Discussions about our different roles often ended like this, with John trying to assert that his life was as difficult as mine, and no one getting the sympathy they craved. “I know, me too,” he’d say when I mentioned my chronic exhaustion. What I wanted to hear was, “You must be tired! You work so hard for us. Go take a hot bath and go to bed.” I realized that John would have liked some sympathy from me. But I was usually too busy feeling exhausted and unappreciated to be the bigger spouse.
I hadn’t meant to imply to John that our friend wasn’t intimate with her husband–I wasn’t talking about our real sex lives at all. I meant that her husband and mine commuted into New York everyday, to offices where people dress up to make themselves attractive and where sexuality crackles in the air as people watch each other walk down the street. When I told John that we stay-at-home mothers inhabited a sexless world, I was talking about a world where it was almost impossible to entertain the notion that someone might find you worthy of a second look – unless you had borne his child.

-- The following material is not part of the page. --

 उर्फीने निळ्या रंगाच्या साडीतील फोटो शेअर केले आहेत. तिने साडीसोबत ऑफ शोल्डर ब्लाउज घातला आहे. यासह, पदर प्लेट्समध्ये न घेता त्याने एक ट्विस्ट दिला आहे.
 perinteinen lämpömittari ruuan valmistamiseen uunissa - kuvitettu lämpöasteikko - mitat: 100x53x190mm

In my world, the pediatrician is one of the few men I see, and I’m lucky if I get to shower every other day, which is actually convenient, because my approach to the Dr. Dude situation has been a forced nonchalance about his looks. I refuse to primp in any way for our meetings. I don’t shower in advance. I wear my hair in a greasy ponytail, and I eschew cosmetics. All this, to prove to him and to the world that I’m not at the pediatrician’s office for a little male attention–that I’m immune to the jaw!–and also because, after a certain point, I had no choice.
Haggard became my signature look after my third child was born and chose to nurse at an Olympic pace, and my two-year-old decided that she could only sleep if her head rested on my wind pipe. Our family endured the Spring of Affliction that year, boasting six ear infections, three unexplained fevers, five episodes of pinkeye, two stitches, one case of bronchiolitis treated with a nebulizer, and pinworms. I developed a rash under my right eye that seemed to flake and redden more with each minute of sleep lost.

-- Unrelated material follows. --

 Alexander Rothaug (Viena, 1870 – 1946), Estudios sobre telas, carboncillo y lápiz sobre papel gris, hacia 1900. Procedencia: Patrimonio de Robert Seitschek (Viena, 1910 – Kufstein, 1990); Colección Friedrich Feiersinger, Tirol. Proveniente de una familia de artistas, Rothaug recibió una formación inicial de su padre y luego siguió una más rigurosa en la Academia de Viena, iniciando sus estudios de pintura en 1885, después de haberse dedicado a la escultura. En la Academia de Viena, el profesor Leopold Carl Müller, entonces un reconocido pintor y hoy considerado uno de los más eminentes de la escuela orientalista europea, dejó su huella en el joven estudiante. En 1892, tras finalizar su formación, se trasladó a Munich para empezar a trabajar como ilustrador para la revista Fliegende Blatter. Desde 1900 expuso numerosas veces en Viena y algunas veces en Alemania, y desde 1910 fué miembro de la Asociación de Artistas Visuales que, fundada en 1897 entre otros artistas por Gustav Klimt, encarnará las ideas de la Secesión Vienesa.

The nurses at Dr. Dude’s office greeted us like old friends during our frequent visits. There was talk of us getting our “usual room.” The kids had endured so many appointments that their clothes were covered with the gummy residue of all the stickers they’d received for good behavior.
No matter whom he was scheduled to see, Dr. Dude always began by asking, “So, what’s up with everyone?” One day that spring, I wearily gave him a rundown of our collective ailments, spent simply from keeping my jaw in motion long enough to get the words out.
“Wow Becky,” he said. “You must be really tired.”
I felt my eyes well up. I was so grateful for the sympathy and validation that I wanted to hug him right there on his little vinyl stool. I felt guilty for having ever joked about his dudishness to anyone. And then, I wished I had washed my hair.
4 replies on “Dr Dude”
Amazing! Every time I read your words I am completely transported.
Well done–and so true!
Yes! This is so well done. I can very much relate to the unspoken competition of who is more tired and the desire for some verbal validation for our accomplishments/sacrifices. Such an engaging read!
Love this! I had a wee crush on my ob/gyn. Partly he was good looking, partly he listened to me and took care of me. I totally understand.